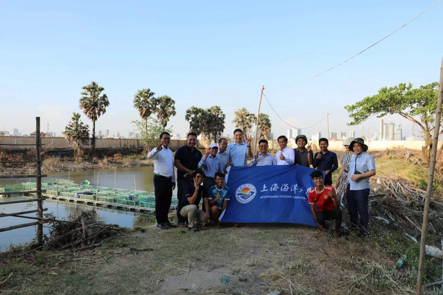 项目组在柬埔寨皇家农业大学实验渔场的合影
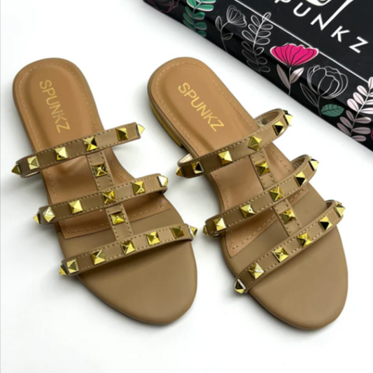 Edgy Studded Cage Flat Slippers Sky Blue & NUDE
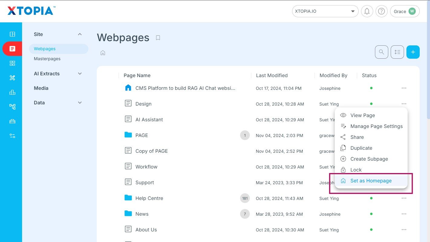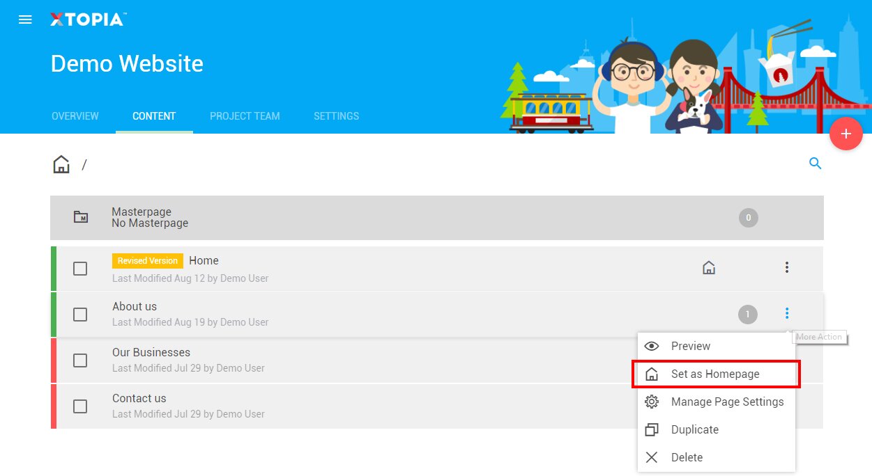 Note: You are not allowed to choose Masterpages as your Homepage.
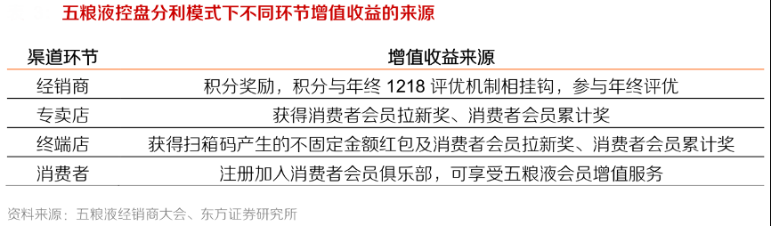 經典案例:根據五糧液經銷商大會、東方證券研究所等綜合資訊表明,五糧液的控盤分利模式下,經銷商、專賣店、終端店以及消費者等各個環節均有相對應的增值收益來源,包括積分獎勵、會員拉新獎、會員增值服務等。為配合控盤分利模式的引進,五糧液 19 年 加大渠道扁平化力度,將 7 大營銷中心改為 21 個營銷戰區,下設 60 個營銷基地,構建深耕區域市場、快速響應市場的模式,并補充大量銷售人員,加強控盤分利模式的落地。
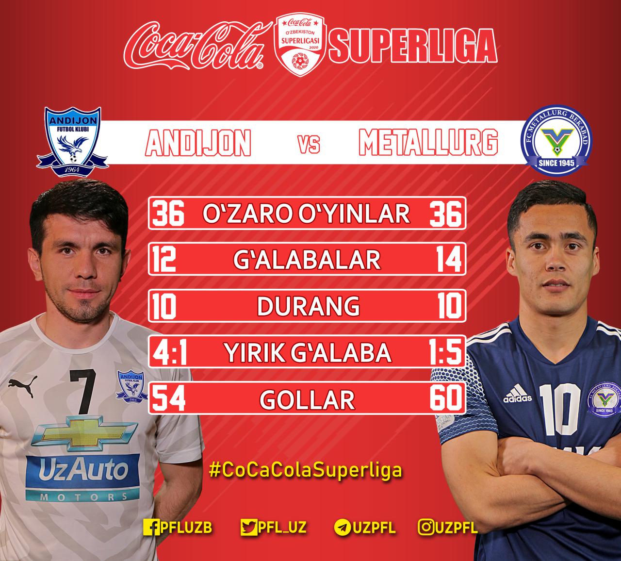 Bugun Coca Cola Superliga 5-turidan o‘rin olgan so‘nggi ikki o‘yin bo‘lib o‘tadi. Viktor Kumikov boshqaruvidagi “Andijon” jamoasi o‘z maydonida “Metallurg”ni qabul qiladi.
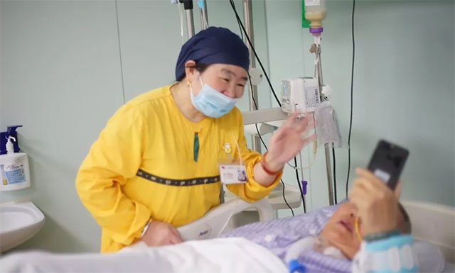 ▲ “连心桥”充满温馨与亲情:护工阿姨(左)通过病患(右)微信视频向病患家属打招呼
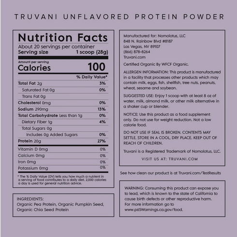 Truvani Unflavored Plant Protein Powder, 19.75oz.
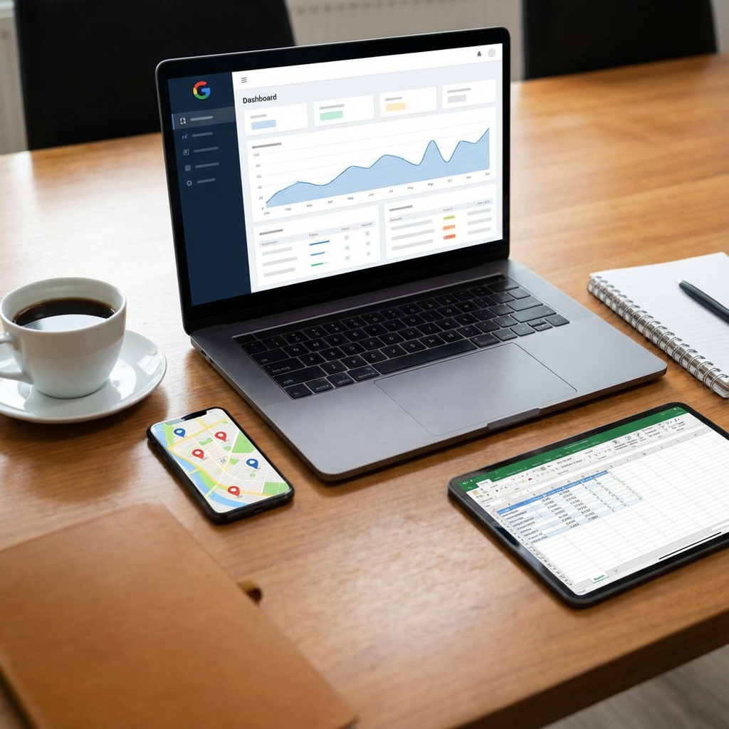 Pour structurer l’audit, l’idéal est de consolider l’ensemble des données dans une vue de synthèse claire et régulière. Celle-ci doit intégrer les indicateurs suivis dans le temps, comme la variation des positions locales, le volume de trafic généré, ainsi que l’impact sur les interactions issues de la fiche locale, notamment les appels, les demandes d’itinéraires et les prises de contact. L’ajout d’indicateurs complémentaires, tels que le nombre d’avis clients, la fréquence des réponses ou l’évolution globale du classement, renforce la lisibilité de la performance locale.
━━━━━━━━━━━━━━━━━━━━
Directions for this task ▸ Begin at the first line of the material and copy each line exactly through the one containing "個營銷戰區,下設 60 個營銷基地,構建深耕區域市場、快速響應市場的模式,并補充大量銷售人員,加強控盤分利模式的落地。". Omit pictures.

Answer to the exercise ▸
 项目组在柬埔寨皇家农业大学实验渔场的合影
 Edgy Studded Cage Flat Slippers Sky Blue & NUDE
 Note: You are not allowed to choose Masterpages as your Homepage.
 經典案例:根據五糧液經銷商大會、東方證券研究所等綜合資訊表明,五糧液的控盤分利模式下,經銷商、專賣店、終端店以及消費者等各個環節均有相對應的增值收益來源,包括積分獎勵、會員拉新獎、會員增值服務等。為配合控盤分利模式的引進,五糧液 19 年 加大渠道扁平化力度,將 7 大營銷中心改為 21 個營銷戰區,下設 60 個營銷基地,構建深耕區域市場、快速響應市場的模式,并補充大量銷售人員,加強控盤分利模式的落地。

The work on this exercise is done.